South-Western College Publishing - Economics  
Fourth Quarter 2004 GDP Revised Upward
Subject Measuring Economic Activity
Topic National Income Accounts
Key Words

Gross Domestic Product, Investment, Consumer Spending, and Exports

News Story

The Gross Domestic Product (GDP), the official measure of total goods and services produced in the economy in a given year, reportedly grew at an annual rate of 3.8 percent for the final quarter of 2004. This figure was revised upward from the 3.1 percent report a month earlier.

The GDP measure reflects the spending from consumers, businesses, government, and from the foreign sector (as indicated by net exports.) Consumer spending was revised downward, business spending was revised upward and exports accounted for nearly half of the total .7 percent upward revision.

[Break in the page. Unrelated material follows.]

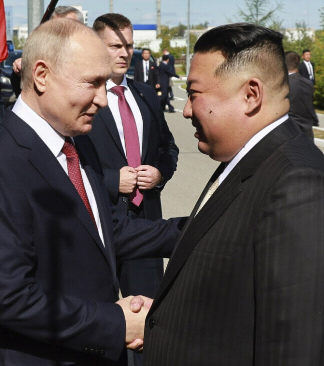 김정은(오른쪽) 북한 국무위원장과 블라디미르 푸틴 러시아 대통령이 13일(현지시간) 러시아 보스토치니 우주기지에서 만나 악수하고 있다.(사진=AP·연합뉴스) |

Consumer spending waned near the end of the year where a 4.2 percent revised figure fell below the third quarter's 5.1 percent gain.

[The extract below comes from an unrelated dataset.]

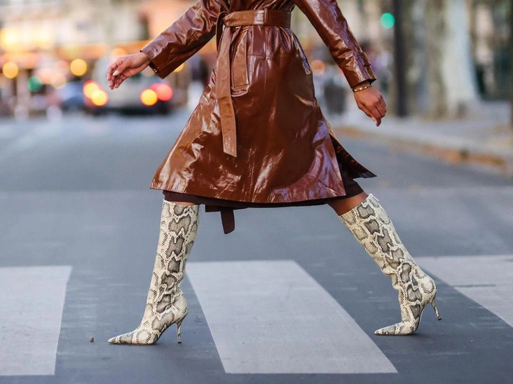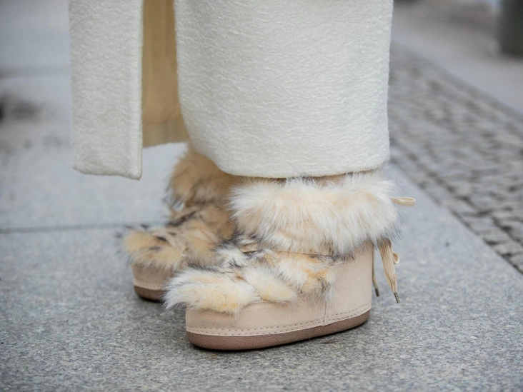 Мех на обуви — непостоянная деталь в моде: она из сезона в с сезон то в тренде, то покидает актуальные тенденции. Сейчас подобные варианты станут индикатором устаревшего зимнего образа. Вместо подобных ботинок и сапог присмотритесь к кожаным сапогам до колена. На них нет излишнего декора, что дает возможность сфокусировать внимание на более интересных элементах гардероба.

When combined, residential and nonresidential investment spending provided a large boost to the economy in 2004. Single-family home sales fell slightly by 0.1 percent in the final month, but sales were still running along at a healthy pace. Relatively low mortgage rates apparently continued to support the nation's housing markets.

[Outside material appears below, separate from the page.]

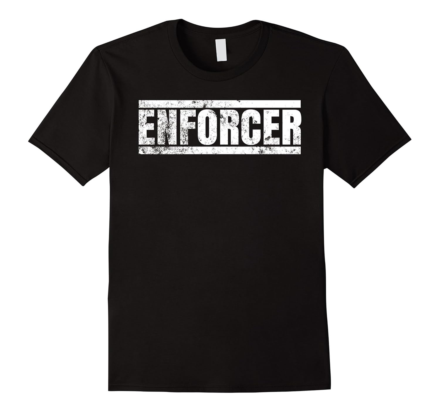 Solid colors: 100% Cotton; Heather Grey: 90% Cotton, 10% Polyester; All Other Heathers: 65% Cotton, 35% Polyester, Imported, Machine wash cold with like colors, dry low heat, Enforcer Shirt, Lightweight, Classic fit, Double-needle sleeve and bottom hem

New business investment was also strong in the fourth quarter, with nonresidential spending growing at a 14 percent rate and spending on new equipment and computer software increasing by 18 percent. Economists view these increases as signs that business decision makers are optimistic about the economy.

The largest revision to the GDP figure came from the foreign sector. Statistics Canada made a $1.4 billion error, underestimating United States exports to Canada during November. This rather huge mistake resulted in a narrowing of the official trade gap and indicated that net exports were greater than previously reported.

The final report showed that the economy grew at 4.4 percent in 2004, significantly better than the 3 percent increase in 2003. The growth in the U.S. economy in 2004 was the strongest since 1999, when the economy grew at 4.5 percent.

Questions
1.

Discuss why residential construction is considered to be a part of investment spending.

2. Explain how lower interest rates increase spending on single-family.
3. What is meant by the term "net exports"? How does this factor influence the GDP equation? How does the strength or weakness of the dollar affect that equation?
Source Reuters, "Data Paints Stronger Picture of Economy," The New York Times Online February 26, 2005.